Pesin's Entropy Formula for $C^1$ non-uniformly expanding maps

TL;DR

This paper extends Pesin's Entropy Formula to $C^1$ non-uniformly expanding maps, establishing the existence of equilibrium states and characterizing measures satisfying the formula.

Contribution

It provides a $C^1$ generalization of Pesin's Entropy Formula and links weak-SRB-like measures with equilibrium states for non-uniformly expanding maps.

Findings

Existence of equilibrium states with special properties.

Weak-SRB-like measures satisfy Pesin's Entropy Formula.

For $C^1$-expanding maps, measures satisfying the formula form a convex hull.

Abstract

We prove existence of equilibrium states with special properties for a class of distance expanding local homeomorphisms on compact metric spaces and continuous potentials.
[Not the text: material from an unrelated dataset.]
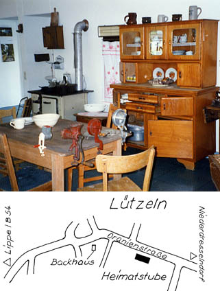 Lützeln gilt als älteste der vier Ansiedlungen des Hickengrundes, die bereits in Urkunden des 9. Jahrhunderts Erwähnung finden. In einer Urkunde von 1349, mit denen Graf Otto von Nassau die Dörfer Dresselndorf und Lützeln als Mann- und Burglehen den Ganerben von Haiger übereignete, wird die schriftliche Überlieferung der Ortsgeschichte fortgesetzt. Eine Viehschatzungsliste aus dem Jahre 1447 nennt für Lützeln nur vier Haushaltsvorstände, von denen einer als Fuhrmann und Landwirt tätig war. Nach der nassauischen Erbteilung von 1609 wurden die Dörfer des Hickengrundes der Vogtei Burbach, nach dem Wiener Kongress Preußen und dem Siegerland zugeordnet. Landwirtschaft und Bewirtschaftung des Haubergs konnten wohl zu keiner Zeit das Auskommen der Dorfbewohner sichern. Sie betätigten sich als Fuhrleute und suchten ihren hauptsächlichen Broterwerb außerhalb der Dorfgrenzen, manche kehrten nur an den Wochenenden zu ihren Familien zurück. Mit der beginnenden Industrialisierung fanden viele Männer aus Lützeln in Neunkirchen und dem weiteren Siegerland im Bergbau und wohl auch in der Hüttenindustrie Beschäftigung. Durch die Anlage eines Basaltbruches wurde im Jahre 1892 die erste Industrie in Lützeln angesiedelt. Dem folgte im Jahre 1911 die Errichtung einer Steinbruchanlage, deren Kernstück, der Steinbrecherturm, noch heute das Wahrzeichen des Ortes ist. In den Jahren 1923-1925 waren hier 600 Arbeiter beschäftigt, die Stilllegung des Betriebes erfolgte um 1939. Die Schulgeschichte des Ortes beginnt mit der Errichtung des ersten Schulgebäudes im Jahre 1769. Vorher gingen die Lützelner Kinder in Oberdresselndorf zur Schule. Bei der schweren Brandkatastrophe von 1881 wurden 60 Gebäude, nahezu der gesamte Ort, ein Raub der Flammen. Aus der Schule konnte lediglich die Glocke gerettet werden, die dann in dem bereits im Jahre 1866 errichteten neuen Schulgebäude ihren Platz fand. An dieses Gebäude wurde im Jahre 1882 eine Wohnung für den Dorfschullehrer angebaut. 1929 erfolgte der Bau eines neuen Schulgebäudes. An die alte Dorfschule wurde im Jahre 1989 ein Dorfgemeinschaftshaus angebaut, in dessen Räumen sich heute die Heimatstube von Lützeln befindet. Neben Reproduktionen der alten Urkunden zur Dorfgeschichte werden hier Exponate aus der Land- und Haubergswirtschaft sowie dem dörflichen Arbeits- und Alltagsleben gezeigt. Zur Dokumentation der Schulgeschichte ist ein kleines Klassenzimmer mit Mobiliar, alten Karten und Schulbüchern zusammengestellt worden. (Dieter Pfau in: "Museen und Heimatstuben Siegerland-Wittgenstein").

Moreover, we formulate a C$^1$ generalization of Pesin's Entropy Formula: all ergodic weak-SRB-like measures satisfy Pesin's Entropy Formula for $C^1$ non-uniformly expanding maps. We show that for weak-expanding maps such that $\Leb$-a.e $x$ has positive frequency of hyperbolic times, then all the necessarily existing ergodic weak-SRB-like measures satisfy Pesin's Entropy Formula and are equilibrium states for the potential $\psi=-\log|\det Df|$. In particular, this holds for any $C^1$-expanding map and in this case the set of invariant probability measures that satisfy Pesin's Entropy Formula is the weak$^*$-closed convex hull of the ergodic weak-SRB-like measures.